[THE TASK]: Return all of the data below verbatim and exclude every picture.

[SUPPLIED MATERIAL — start]

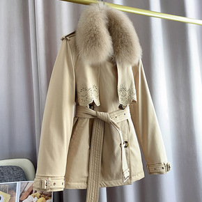 鹅绒服出清品质狐狸毛领风衣款派克服短羽绒服女外套批...
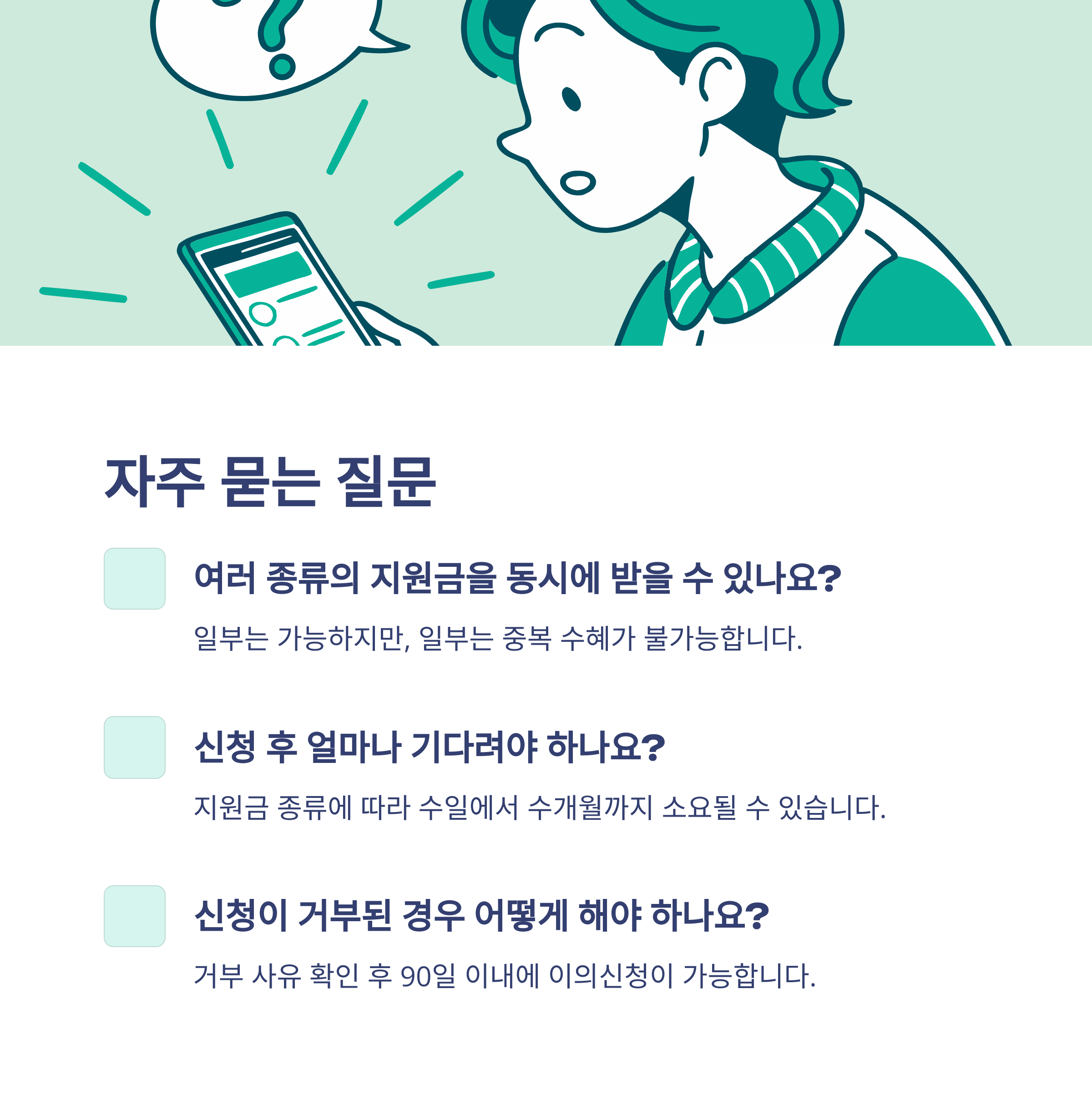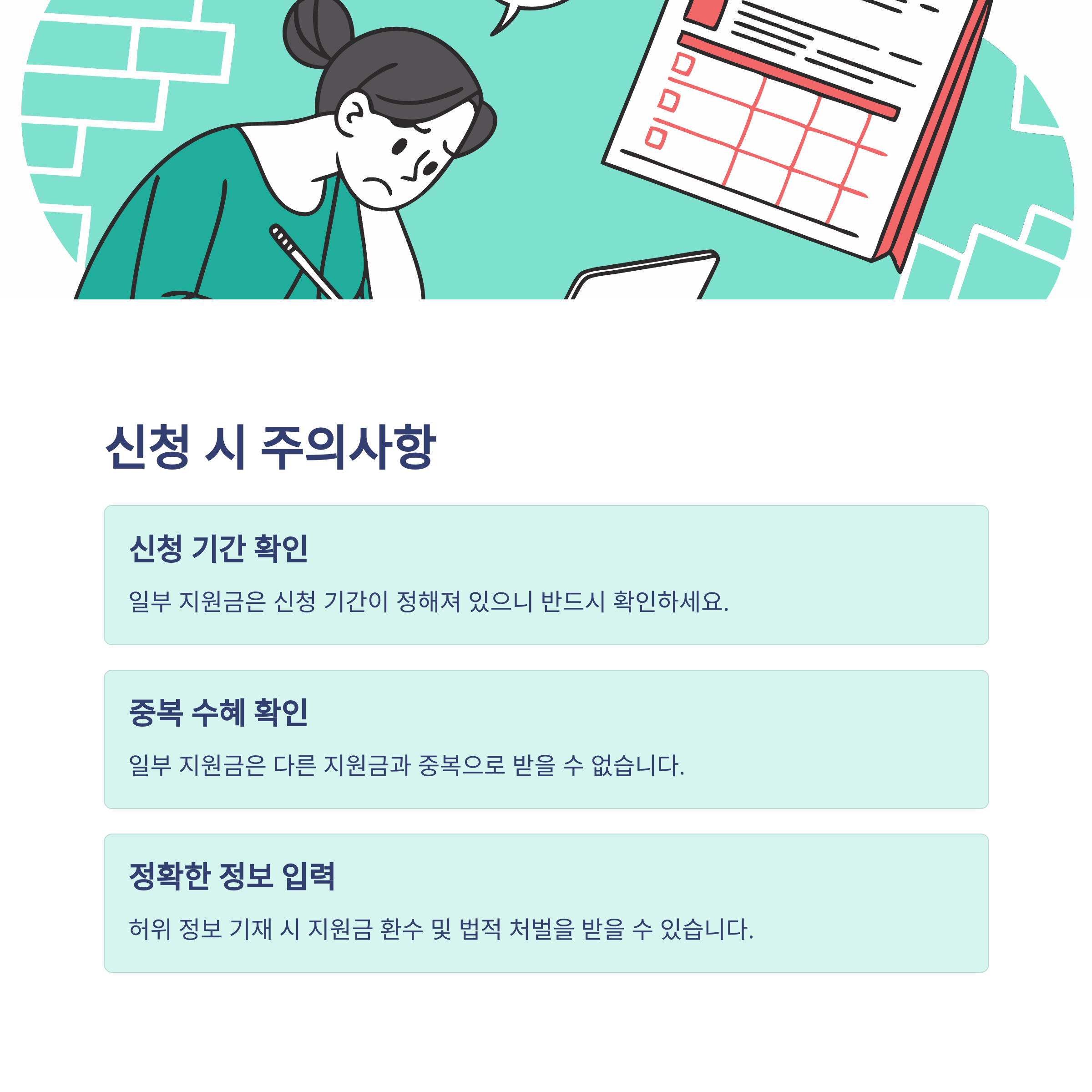 - 복잡한 지원금의 경우, 주민센터 담당자나 콜센터 상담을 통해 정확한 정보를 얻은 후 신청하세요.
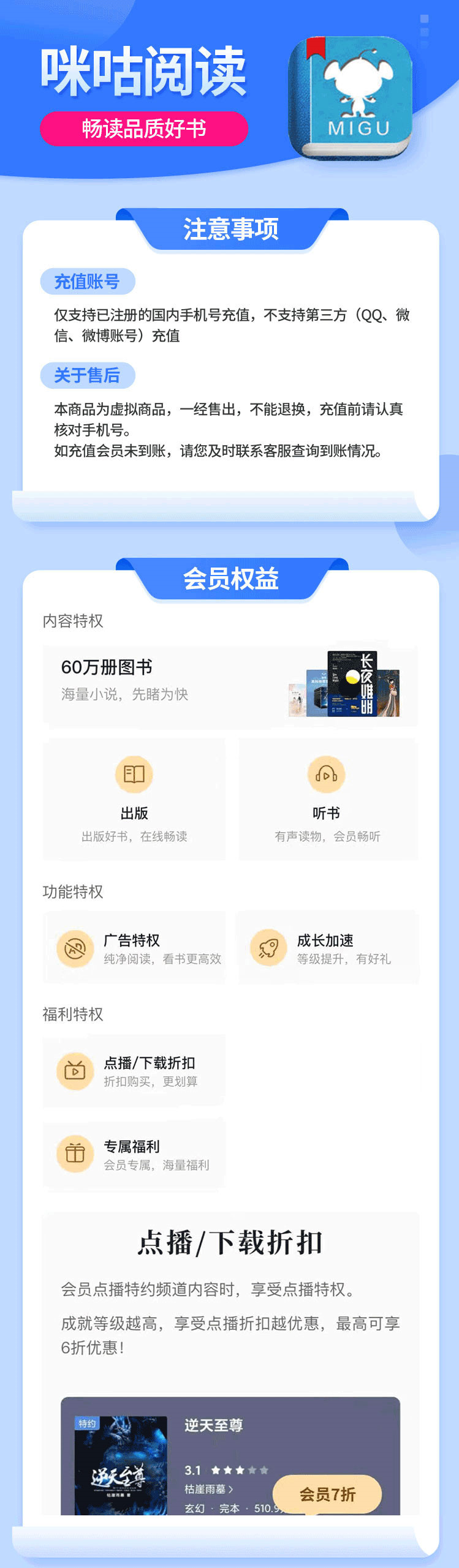 【官方直充】咪咕阅读畅享会员3个月

[SUPPLIED MATERIAL — finish]

[SOLUTION]:
 鹅绒服出清品质狐狸毛领风衣款派克服短羽绒服女外套批...
 - 복잡한 지원금의 경우, 주민센터 담당자나 콜센터 상담을 통해 정확한 정보를 얻은 후 신청하세요.
 【官方直充】咪咕阅读畅享会员3个月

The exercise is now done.